Financial analytics is a set of tools or a system that can be used to increase a company's financial productivity, specifically its profitability. It works through assessing individual or granular aspects of a business opportunity and then combining all relevant information so that an overarching, financially beneficial decision can be made. It allows business executives to proactively seek out ways to change and enhance their business models so that they are constantly up-to-date with the current financial environment.
A financial analytics system requires the integration and assessment of a broad spectrum of data that affects, or may potentially affect, a company. Some particular aspects that the system may take into account include which customers provide the company with the most profit, how the company's customer-base spread out geographically, and which product brings in the most profit. Once the data has been collected, it can be displayed in charts or graphs so that complex and diverse information can be visualized more easily.
Beyond obtaining vast stores of relevant, up-to-date data, financial analytics also seeks to analyze this data and determine why certain trends occur. This analysis can help companies predict what the financial environment will be like in the future. Only then can action be taken, if necessary, to improve financial productivity. For example, a company may decide to reallocate resources for funding new marketing campaigns in areas that have been financially unresponsive to products.
Traditionally, businesses have relied solely on general ledger systems for storing and analyzing financial data.

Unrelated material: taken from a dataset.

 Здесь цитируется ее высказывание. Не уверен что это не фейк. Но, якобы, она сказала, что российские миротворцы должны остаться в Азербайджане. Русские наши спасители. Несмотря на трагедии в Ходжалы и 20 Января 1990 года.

More recently, continuous technological advancements and evolving business models and processes have made these static systems less and less effective in helping increase financial productivity, as they do not take into account external data and future events. Many financial executives are adopting financial analytics as a solution to these problems.

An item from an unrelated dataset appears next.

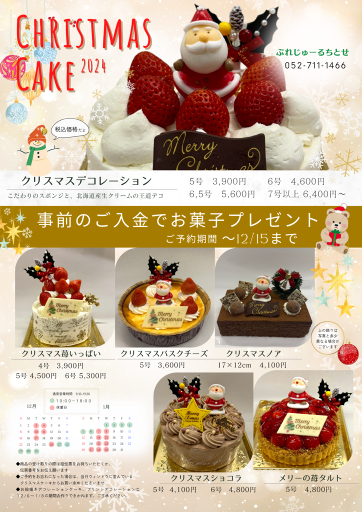 2024クリスマスケーキのパンフレット配布開始 – Patisserie Anfield。

As individuals gradually shift from using old business models to newer ones, the need for financial analytics will continue to grow. Online transactions, such as business-to-employee, business-to-consumer, and business-to-business transactions, are growing more and more popular and changing the fundamentals of the game. As a result, intangible assets, such as research, information, and analysis, are becoming increasingly valuable for increasing productivity.
Companies in need of assistance with financial analytics have two general options. One strategy is to hire an analytics firm to come on site and work closely with accountants, managers, and executives to help gather and analyze data and then form an effective business plan. Another, less expensive option is for companies to use a financial analytics computer software program.